I read from this question, I have not understood $G$ satisfiable $\implies F$ satisfiable section. In this section case3 is $D$ contains $\bar\ell$.
And author said in the last line "blocked clause (since we haven't used it yet) together with our assumption that $C$ wasn't satisfied by the original assignment $\beta$".
My question is how to use blocked clause definition here? How definition and "$C$ wasn't satisfied by the original assignment $\beta$" use together?
I mean accurately why everything is OK in "case 3" ,yes, using the definition, but please explain how?
We will start from the basic definition and we will use a simple example to support the argument.
Definition: a clause $C$ is blocked by a literal $l \in C$ in a CNF formula $F$ if all binary resolvents of $C$ upon $l$ with clauses from $F \setminus \{ C \}$ are tautologies.
Example: the clause $C = ¬P \lor Q$ is blocked by literal $¬P$ in $F = \{ P \lor ¬Q, ¬Q \lor R \}$ because the only resolvent of $C$ upon $¬P$ is the tautology $Q \lor ¬Q$, obtained by resolving with clause $D = P \lor ¬Q$.

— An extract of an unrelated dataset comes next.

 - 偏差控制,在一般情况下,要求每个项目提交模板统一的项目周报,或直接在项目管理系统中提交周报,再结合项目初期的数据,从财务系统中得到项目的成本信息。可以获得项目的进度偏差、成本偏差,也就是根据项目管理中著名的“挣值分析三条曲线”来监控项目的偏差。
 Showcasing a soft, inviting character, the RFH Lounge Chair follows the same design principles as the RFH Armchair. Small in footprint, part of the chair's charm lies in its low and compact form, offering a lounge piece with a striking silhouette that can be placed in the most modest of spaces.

The argument assumes that we have some satisfying assignment $\beta$ for $G = F \setminus \{ C \}$ that does not satisfy $F$ and we want to define a new assignment $\beta'$ that will do.

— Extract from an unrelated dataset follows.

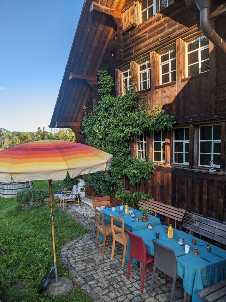 Wir übernachten im Berghof Zistenegg in kleinen Gruppenzimmern (max. 3 Personen pro Zimmer). Die Zistenegg liegt etwas abseits vom Dorf auf einer Wiese, zwischen bewalteten Hügeln. Wir haben die Zistenegg das ganze Wochenende exklusiv für uns. Dusche und WC befinden sich auf dem Stockwerk. Das hausgemachte Essen richtet sich nach dem Yoga und Kletterprogramm, wir achten auf hochwertige Lebensmittel, saisonal und aus der Region.

But $F$ and $G$ only differ in the clause $C$, and thus $β$ does not satisfy $C$, i.e. $\beta(C)= \bot$.
The way to satisfy $C$ is to set one of the literals in $C$ to $\top$, but we know only one literal of $C$: the literal $l$ [$\lnot P$ in our example]. So, we try with $\beta'(l)= \top$ (while keeping all other assignments as in $\beta$) that implies $\beta'(C)=\top$, and we have to check how all other clauses of $F$ are satisfied by $\beta'$.

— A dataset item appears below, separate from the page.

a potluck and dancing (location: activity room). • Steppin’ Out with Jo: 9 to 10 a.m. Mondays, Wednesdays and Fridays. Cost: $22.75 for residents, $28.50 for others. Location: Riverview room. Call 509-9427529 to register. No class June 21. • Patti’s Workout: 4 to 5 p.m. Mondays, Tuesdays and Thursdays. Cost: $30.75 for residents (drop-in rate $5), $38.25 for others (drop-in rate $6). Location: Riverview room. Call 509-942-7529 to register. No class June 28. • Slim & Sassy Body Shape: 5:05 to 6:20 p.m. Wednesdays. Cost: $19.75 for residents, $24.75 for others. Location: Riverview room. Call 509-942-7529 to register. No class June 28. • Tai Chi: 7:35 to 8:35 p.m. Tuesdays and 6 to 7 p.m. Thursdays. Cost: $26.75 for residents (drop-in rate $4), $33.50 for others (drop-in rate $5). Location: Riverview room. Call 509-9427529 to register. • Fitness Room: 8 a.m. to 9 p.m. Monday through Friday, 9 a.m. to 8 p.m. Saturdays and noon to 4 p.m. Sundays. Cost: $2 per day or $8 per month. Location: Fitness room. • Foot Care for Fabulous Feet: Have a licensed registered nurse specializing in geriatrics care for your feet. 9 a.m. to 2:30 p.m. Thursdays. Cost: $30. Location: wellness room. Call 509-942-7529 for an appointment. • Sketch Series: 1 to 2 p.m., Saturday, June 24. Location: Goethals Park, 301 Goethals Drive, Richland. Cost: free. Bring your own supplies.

Then three cases: case 1) neither $l$ nor $\overline l$ are in $D$; it is not affected by the new value for $l$. 2) $l \in D$, an thus $\beta'(l)= \top$ implies $\beta' (D)= \top$.
And now case 3): $\overline l \in D$. But we have that $C$ was blocked by $l$ if $F$ and this means that all binary resolvents of $C$ upon $l$ with clauses from $F \setminus \{ C \}$ are tautologies: thus, the resolvent of $C$ and $D$ must be a tautology, i.e. there must be a literal $k \in D$ such that $\overline k \in C$ [see example above, where $C = \lnot P \lor Q$ and $D = P \lor \lnot Q$].
But we have assumed that for the original assigment $\beta$: $\beta (C)= \bot$ that means that every literal in $C$ must be falsified by $\beta$ and thus also $\beta(\overline k)=\bot$, i.e. $\beta (k)=\top$.
Thus, we have $k \in D$ and $\beta' (k)= \beta(k)= \top$ tha means that $\beta'(D)= \top$.